Avitable . . . the Newest MacGyver

I'd never usually consider reading, much less falling in love with, a blog called "Attack of the Redneck Mommy". I mean, it has "redneck" and "mommy" in the title! Luckily for me (and of course, even luckier for the author), I took a chance and my life hasn't been the same since. She's funny, she's hot, and she's a dirty, dirty pervert.

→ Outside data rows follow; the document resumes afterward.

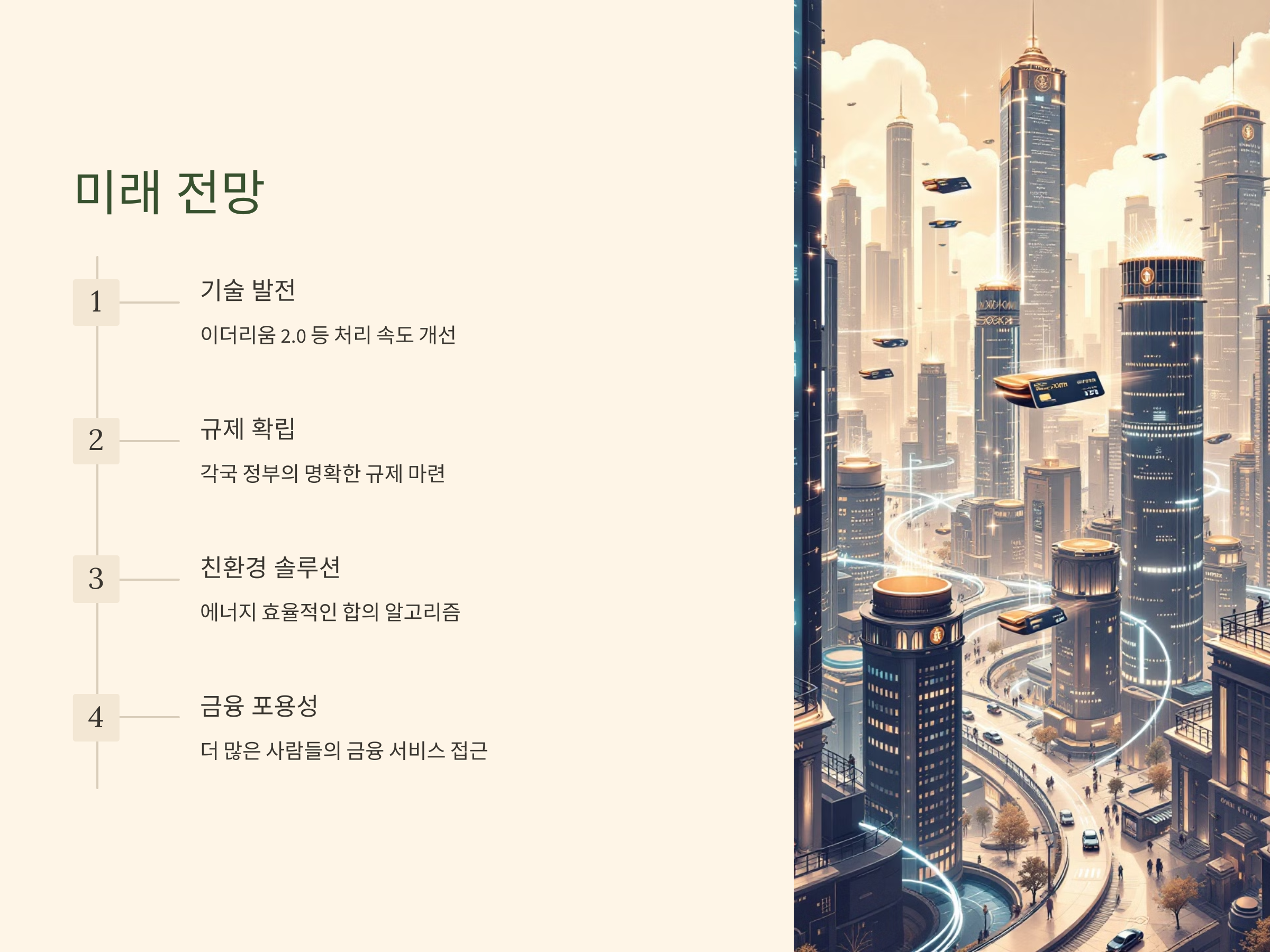 하지만, 블록체인 기술이 상용화되기 위해서는 해결해야 할 문제들이 여전히 존재합니다. 규제 문제, 확장성 문제, 에너지 소비 문제 등을 해결하는 데 필요한 연구와 개발이 계속 이루어져야 합니다. 그럼에도 불구하고, 블록체인 기술이 금융 산업을 변화시키는 잠재력은 매우 크며, 앞으로의 발전에 대한 기대감은 매우 큽니다. 이제 우리는 블록체인 기술을 통해 더욱 안전하고 효율적인 금융 서비스를 누릴 수 있는 시대에 접어들고 있습니다.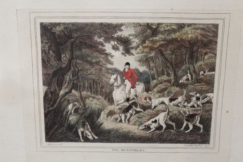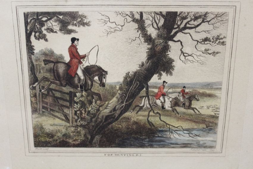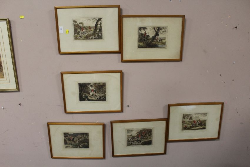 A SET OF SIX HAND COLOURED HUNTING SCENE ENGRAVINGS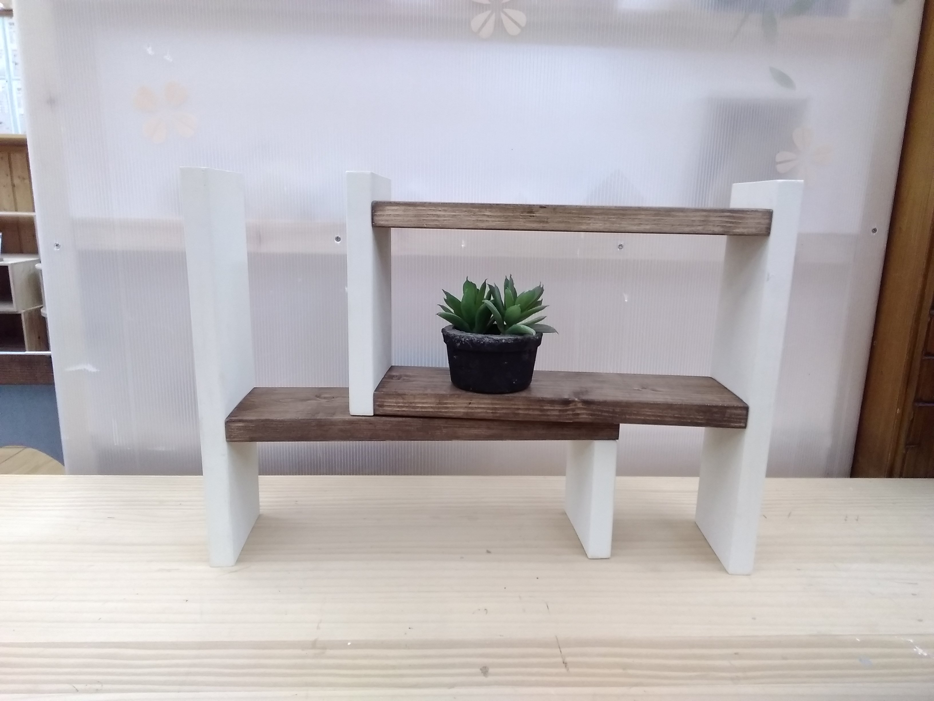 【午前1回の開催です】カット済み木材を電動工具で組み立て、ワックスや水性塗料でペイントします。重ねる位置によって幅を調整して使えます。ねじ打ちの本数や工程が少なく、初めてのDIYにもぴったりです。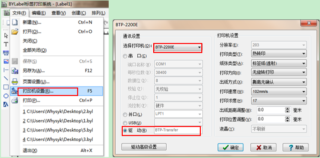 b)打开BYLabel标签打印系统后点击左上角的“文件”菜单,选择“打印机设置”,然后在“选择打印机”中选择正确的打印机型号,继续选择“驱动(R)”,点击确定,即可正常打印。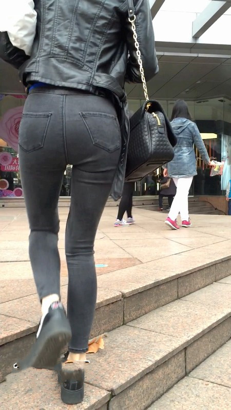 【编号1024】街拍黑色紧身裤少妇风骚扭动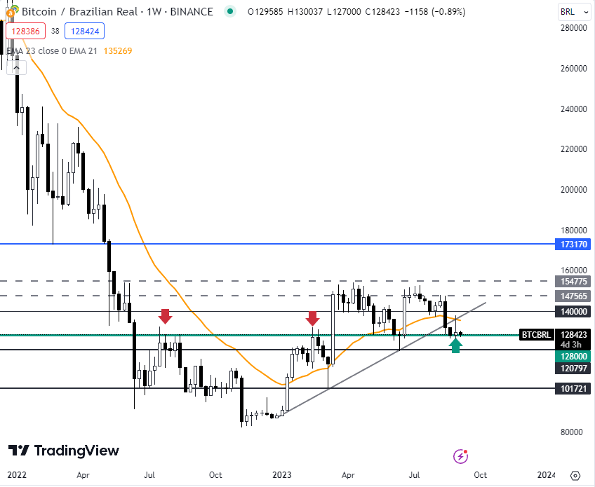 Mesmo com a Grayscale tendo vencido o caso contra a SEC em agosto, o regulador ainda pode recorrer. o movimento de alta não teve fôlego para se sustentar e neste momento o Bitcoin trabalha em região de suporte, perto dos 128mil reais, região onde passa uma linha bipolar (que já foi referência de resistência mas hoje é referência de suporte). Para baixo, os próximos níveis estão na região de R$121mil e R$101.780.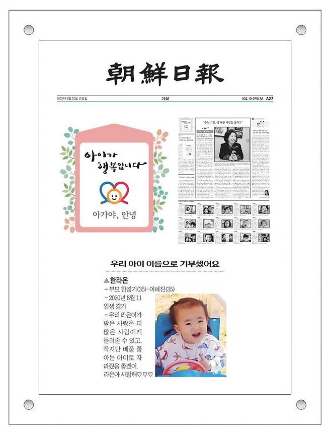 조선일보에 실린 우리 아기 출생 소식, 본인이나 지인의 인터뷰·사진 기사를 영원히 추억으로 간직하세요. 조선일보는 독자가 원하는 신문 지면을 그대로 고급 액자에 담아 드리는 ‘조선일보 리프린트’ 서비스를 시작했습니다. 매주 ‘아이가 행복입니다’ 지면에 소개된 한 가족을 추첨해 리프린트를 선물로 드립니다. 지난 20일 ‘우리 아이 이름으로 기부했어요’ 코너에 소개된 한경기·이혜진씨 부부의 자녀 라온<사진>이가 리프린트 경품의 이번 주 주인공입니다. 자세한 내용은 홈페이지(reprint.chosun.com)에서 확인할 수 있습니다.

Say hi to Tanis!


I spent an inordinate amount of time hanging around my best friend’s house as a child, primarily as a means to escape my big brother’s attempts to torture me by farting on my face or twisting my toes into a tangle of knots.

It helped that my best friend’s mom was never home, they had the fancy cable channels my parents were too cheap to fork out for and there was always an abundance of junk food in their pantry that no one seemed to mind if we gorged ourselves on.

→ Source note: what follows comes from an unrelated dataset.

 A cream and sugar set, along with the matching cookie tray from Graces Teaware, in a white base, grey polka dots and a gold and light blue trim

My best friend’s parents became accustomed to tripping over me at all hours of the day and eventually adopted me as one of their own in their tribe. As such, I was invited to family functions and gatherings on a regular basis.

No one seemed to bat an eye at the gangly, knobby kneed blonde child who appeared to have no family of her own when she crashed other people’s family dinners.

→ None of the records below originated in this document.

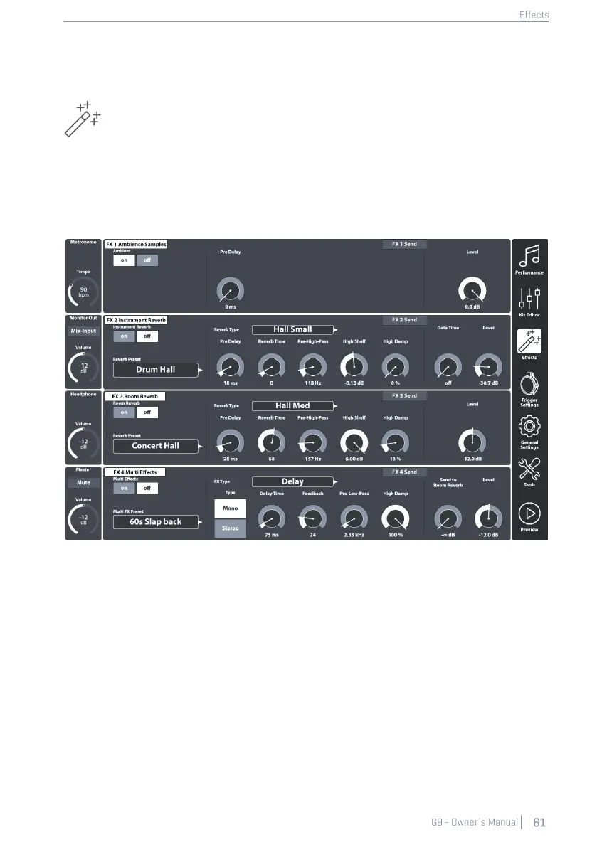 The G9 is equipped with 4 different effect modules. Ambience hosts environmental sam-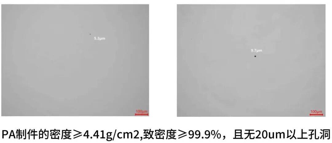 通过PA技术,金源智能钛合金空心粉率成功控制在0.2%左右,卫星球占比0.8%左右,20μm以上的气孔缺陷测试结果显示为0。从源头大幅减少了打印件的缺陷来源,让3C制造商能够以更高良率迎接批量生产。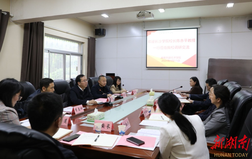 4月11日下午,长沙学院校长陈赤平率人事处、计财处、科技处负责同志来2026世界杯官网调研交流。湖南财院校长刘长庚,财政金融学院、人事处、财务处、科研处相关负责同志参加座谈。座谈会现场刘长庚对陈赤平一行的到来表示欢迎,介绍了学校的办学历史、师资队伍、专业建设、学科科研、管理保障等有关情况。他表示,长沙学院始终坚持应用型、地方性办学定位,立足服务湖南“三高四新”美好蓝图、服务长沙全球研发中心城市建设取得了系列丰硕成果。...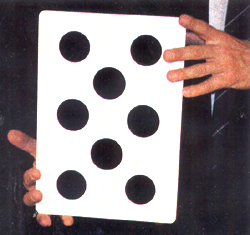 wobei ganz beiläufig die wahre Verwirrung beim Publikm entsteht: Ganz einwandfrei und ohne daß die Hand etwas verdeckt zeigen Sie während der Scheinerklärung erst einen Punkt, dann drei Punkte, gefolgt von vier und sechs Punkten, und als große Überraschung zum Schluß sogar acht Punkte auf einer Seite! Staunen, Gelächter und Applaus beenden den Trick.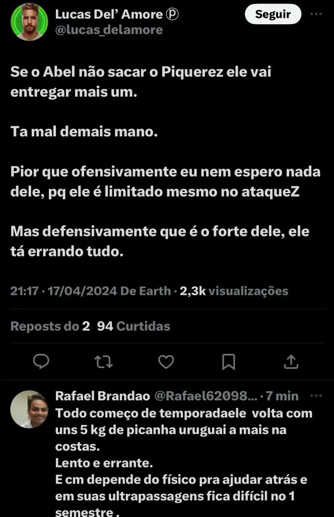 “Põe a bola pra fora, Piquerez. O que é melhor? Um lateral ou um gol? A burrice do jogador de futebol é algo bizarro”, questionou um terceiro. “Piquerez já tinha dado umas duas vaciladas. Dessa vez, custou o gol. Defesa do Palmeiras batendo MUITA cabeça nesse primeiro tempo”, reclamou outro.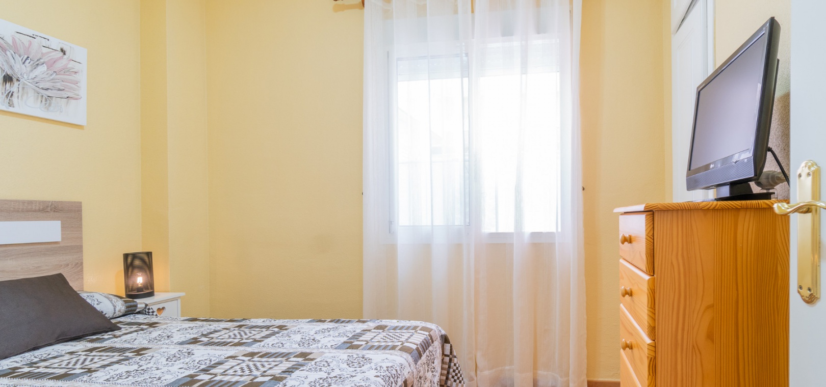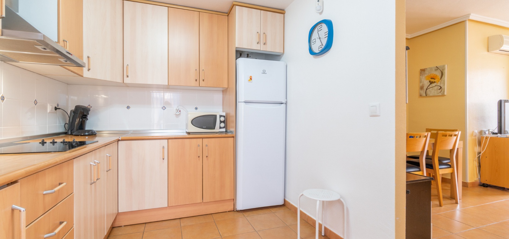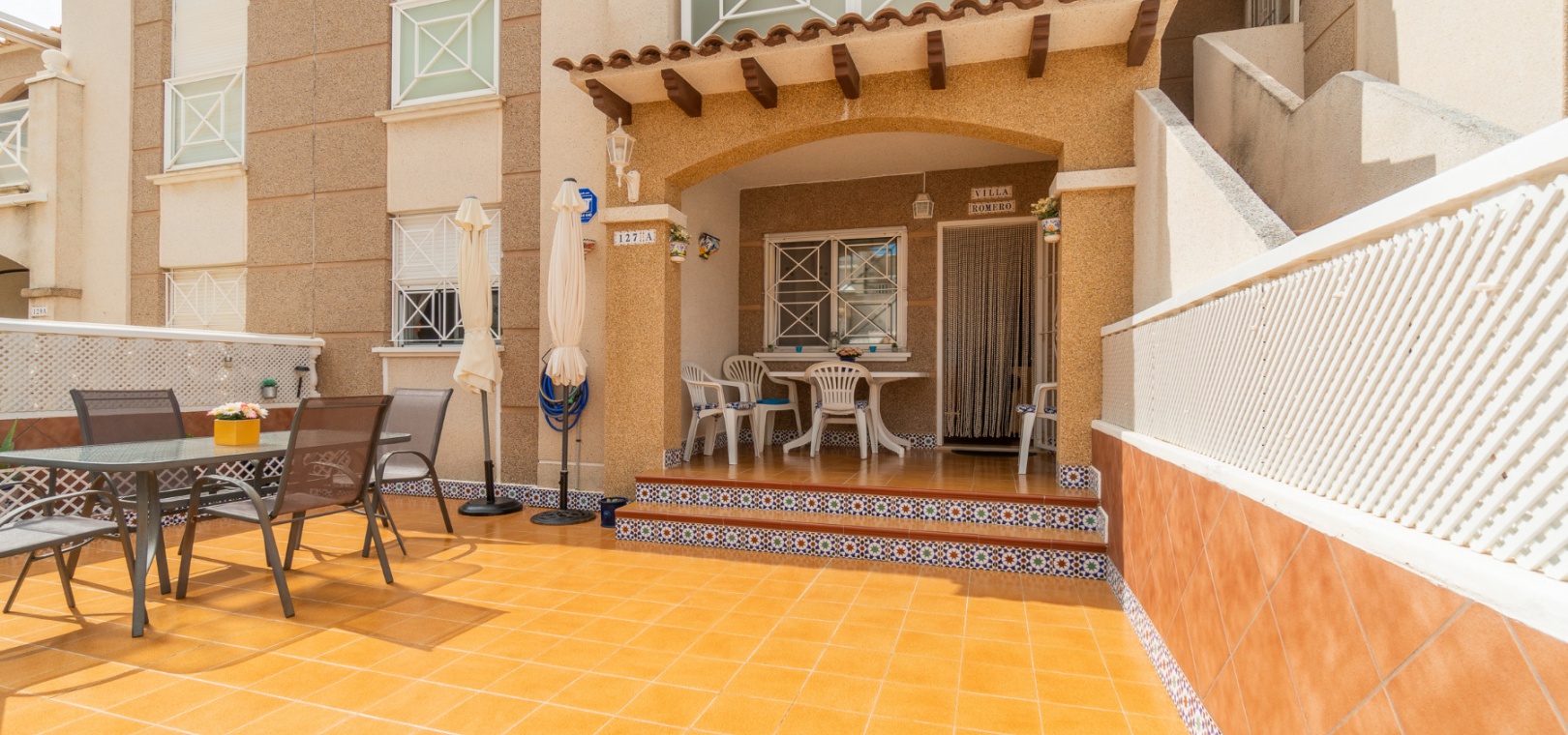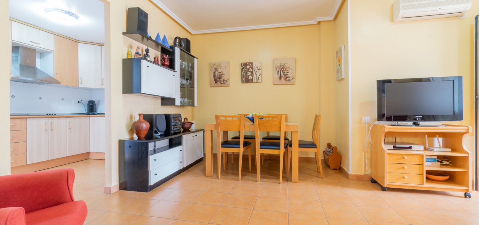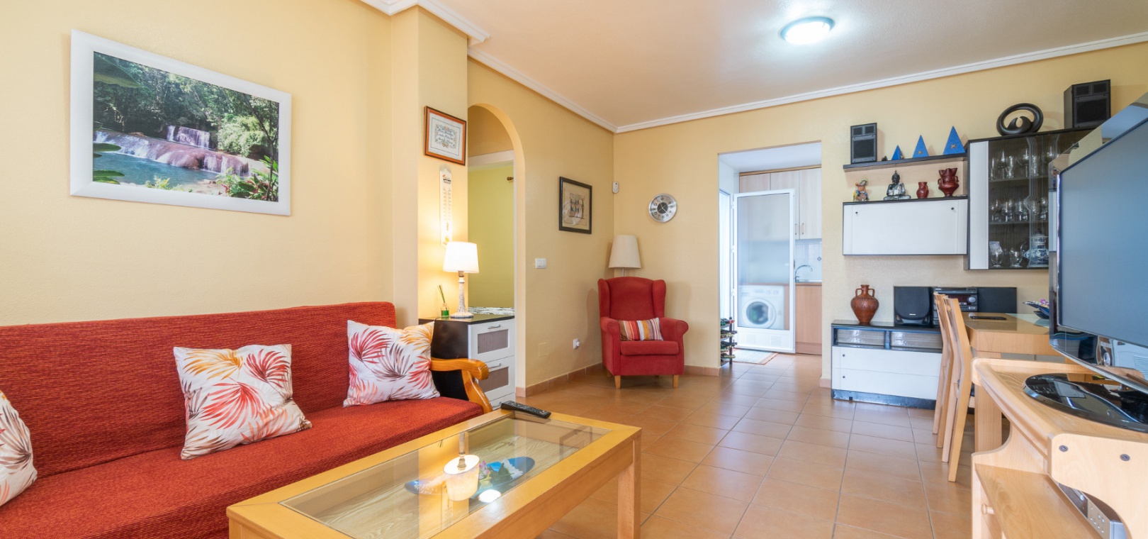 En lägenhet med 2 sovrum och 1 badrum på bottenvåningen i Altos de la Bahia, Torrevieja, Costa Blanca Denna fastighet erbjuds till salu i mycket gott skick. Det säljs möblerat och består mycket kort av följande:- Lounge/matrum med varm och kall A/C, separat fullt utrustat kök, bakre bruksutrymme, 2 x dubbelrum med inbyggda garderober, 1 x familjebadrum, terrass , trädgård, gemensam pool, gemensam parkering och mycket mer. Denna fastighet ligger cirka fem minuters bilresa till en blå flaggstrand med barer och restauranger. Köpcentret Habaneras och Carrefour ligger mindre än 10 minuters bilresa bort och det går regelbunden buss till centrala Torrevieja och La Mata. Alicante flygplats ligger cirka 35 minuters bilresa bort.

One such gathering for my best friend’s cousin’s birthday celebration, my best friend and I blew off the grown ups and went to find a quiet spot to gossip about how hideously uncool said cousin was.

We quickly found our way into her aunt and uncle’s private oasis, the master bedroom. My friend immediately started snooping through their bookshelf, looking for a copy of the Joys of Sex; while I stood there paralyzed with fear of being found snooping.

My friend, not finding any sexy books other than a well dog-eared version of Lady Chatterley’s Lover, turned around to find me rooted to the floor with a strange look on my face.

“What’s the matter Tanis?” she whispered, worried I had maybe spotted something gossip worthy like a vibrator or a pair of handcuffs. (She was a horny teenager. I myself had no such interest in other people’s perversions. That didn’t come until much later. Wink.)

“There is a framed picture of MacGyver on the night stand! With a plastic rose laying beneath it!”

“Ya, my aunt has a thing for Richard Dean Anderson,” she quickly explained and then dismissed me to continue her hunt for some unknown treasure trove of sexual goodies.

It turned out that my friend’s aunt was Dicky’s biggest fan. She belonged to his fan club, never missed an episode of MacGyver and dreamed of him every night.

“Doesn’t your uncle mind having another man’s picture framed on the night stand beside his bed?” I asked. I was fairly certain my mom wouldn’t be able to get away with that shit in our house no matter how much she professed to love Elvis.

“Beats me. Now quit staring at MacGyver and help me get this shoe box down from the closet before we’re busted.”

We never were busted, nor did we find anything of interest other than the freakish photo framed on the bedside table.

I never understood why a grown woman could idolize another human being. I mean it’s one thing to hang posters of your heartthrobs on your walls as a teen but once you can legally vote, the posters should come down.

That was before one sunny afternoon when I stumbled on Avitable. Who was this handsome burly man who announced ‘tact is for pussies’? He spoke to the Redneck that lay deep within me. (Bound and gagged with duct tape and an old sock, sure, but she’s still in there.)

It didn’t take me long to realize Adam was the man blogger I had been searching for, what with his crass humour and penchant for posting naked pictures of himself. Here was a blog I wished I had the brass nuts to write myself. I found myself lurking, longer and longer every day, in the hopes of catching his attention.

When that didn’t work, I pulled out the big guns. I sent him a picture of some random Internet bimbo’s my boobs. That got his attention. And so marked the beginnings of a beautiful, slightly one-sided and clearly stalkerish relationship.

Call me Patty Bouvier, but Adam, you are my MacGyver.

I just wish my husband would stop throwing the picture I have of you on my bedside table into the trash.

Adam_Pool

Who wouldn’t want this mug staring at them when they wake up every morning?